Err, no. If you use =, there is one behaviour, if you use :=,
there is another. I would not call either one "default", apart from the
fact that non-gnu makes do not have :=.
> In practical terms, using delayed evaluation makes the outcome mostly
> independent of the order of the assignments. Which might become quite
> relevant when you design an include-a-bit-here, override-a-bit-there
> scheme that is supposed to be robust against all the nonsense that
> 10000 source packages might do with it afterwards.
We do *NOT* want settings from the distribution, from the site,
the package, and the user happen in a manner mostly independent of the
order -- making it harder for the user to see wtf is going on.
Indeed, this is one case where we *must* have as little
ambiguity as possible, where we are trying to provide _default_ values
in a hierarchical fashion.
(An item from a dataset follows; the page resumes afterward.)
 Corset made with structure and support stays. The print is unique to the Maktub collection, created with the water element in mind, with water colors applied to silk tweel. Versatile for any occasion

Simply expanded variables generally make
complicated makefile programming more predictable because they work
like variables in most programming languages. They allow you to
redefine a variable using its own value (or its value processed in some
way by one of the expansion functions) and to use the expansion
functions much more efficiently.
> Also note that someone who wants to be careful not to overwrite values
> supplied elsewhere might use ?=, which creates a delayed expansion type
Have you been reading at all? Has it not been stated repeatedly
that we _want_ a specific order of overrides for the variable values?
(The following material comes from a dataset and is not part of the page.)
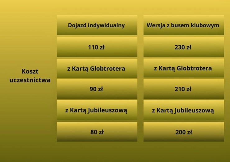 Tradycyjnie planujemy dwie wersje dojazdu: indywidualny lub busem klubowym.

We _want_ the site set values to override the distribution defaults --
and then we want the package to override that, and the command line
trumps all. There is no "careful not to override" meme here -- we want
emphatically to overwrite what the outer layer has set.
All the dilly dallying with delayed evaluation just confuses the
issue, and makes make work harder, for no other reason than a vague
"don't use := cause I don't remember what it does" fear.
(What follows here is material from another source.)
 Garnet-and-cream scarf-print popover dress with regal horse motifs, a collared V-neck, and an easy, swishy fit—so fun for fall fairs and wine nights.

> In any case, we should be careful to define and document it one way or the
> other. Otherwise stuff like
> CPPFLAGS += -DFOO=$(BAR)
> has unclear behavior, depending on how or whether CPPFLAGS was
> previously set up. (And note that it will change if initially you
> don't define CPPFLAGS at all and in a later version make a :=
> definition for it -- delayed variables being the default.)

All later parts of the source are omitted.